Fixing a Problem with Liquid Biopsy
By far, one of the biggest challenges that face cancer patients (or undiagnosed cancer patients) is the tedium and accessibility issues related to getting the right diagnosis.
A biopsy, the traditional method used to test for cancer, is invasive, potentially dangerous, expensive, and takes quite a while (anywhere from a week to three weeks) to return results. Moreover, many individuals in non-Western nations don't have access to such tests.
These issues are especially unfortunate as, when it comes to cancer, early detection is crucial to surviving the disease.
This is ultimately what makes the introduction of this new saliva test, dubbed the “liquid biopsy,” such a breakthrough in cancer research.
Professor David Wong, from the University of California and the scientist behind the test, says that, if there are tumor signatures circulating in the test subject’s blood or saliva, the liquid biospy will detect it.

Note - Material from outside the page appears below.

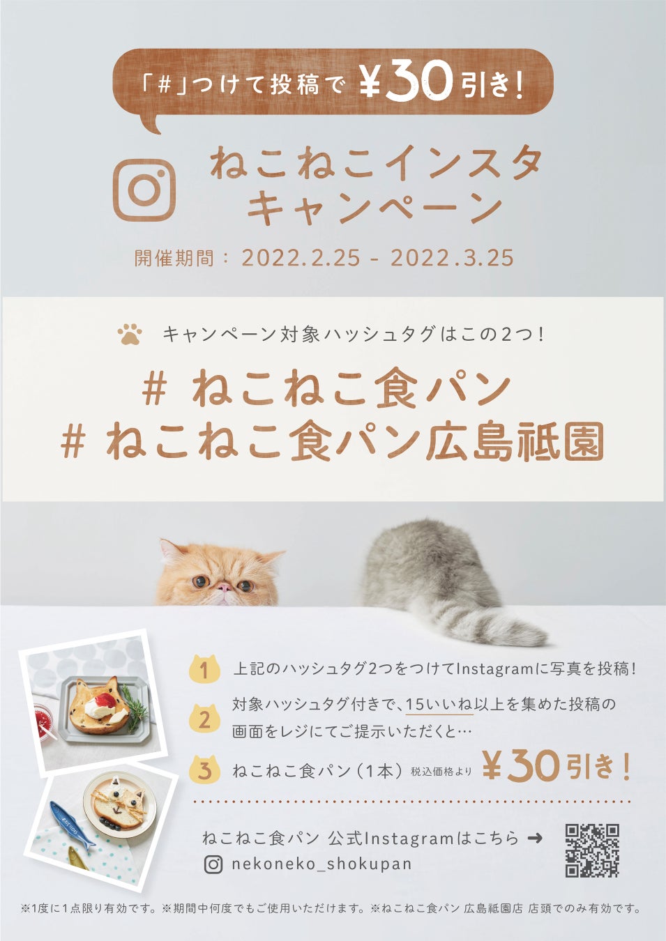 ・内容:ご自身のインスタグラムに下記の2つのハッシュタグを付けて「ねこねこ食パン」を投稿していただき、「♥15いいね」をゲットすると、ねこねこ食パン1本が30円引きになります。
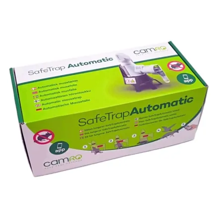 Designed with innovation and safety in mind, the Camro Safe Trap Automatic 25 Humane Rat Trap - Starter Kit features a top piece that allows light and air to enter the trap, appealing to the mouse's curious nature. The light indicates free passage, while built-in air channels ensure air circulation and help spread the scent of bait, stimulating natural behaviour and increasing trap entry likelihood. Safety is paramount with CE approval and a Safety Shield with sharp edges that discourage children and curious individuals from inserting fingers. Dead mice automatically fall down and out of the trap, allowing nature's predators (cats, foxes, birds of prey) to handle cleanup. The built-in NFC counter automatically registers each trigger with time and date, allowing you to monitor activity and track remaining CO2 shots. The CAMRO SafeTrapAutomatic app lets you read the NFC counter and gain insight into trap activity and history, including trigger count, last CO2 cartridge change, bait replacement, and more. The Camro Safe Trap Automatic 25 Humane Rat Trap - Starter Kit delivers the humane pest control, safety, and convenience that farmers and property owners expect for effective rodent management.

So far, the saliva test has been tested on lung cancer patients and has delivered “near-perfect” results, he shared while speaking at the American Association for the Advancement of Science's annual gathering in Washington
Near-Perfect Diagnosis
Prototypes of the saliva test are already being made and will start to begin testing in Europe and China this year.
All a test subject needs to do is purchase the saliva test kit from any pharmacy and send the saliva off to a laboratory, where researchers can analyze it for tumor DNA. Most notably, the test will cost a little more than $20 and may be widely available in the market by 2020.
However, of course, this means the research team will need to acquire regulatory approval before the test goes on sale. In the end, such regulations are often what cause treatments and tests to take so much time making their way to market.
While the test has (so far) only proven to be effective for detecting lung cancer, Professor Wong is optimistic about its potential to detect other types of cancer as well, including pancreatic cancer, which to date, is one of the most difficult to detect.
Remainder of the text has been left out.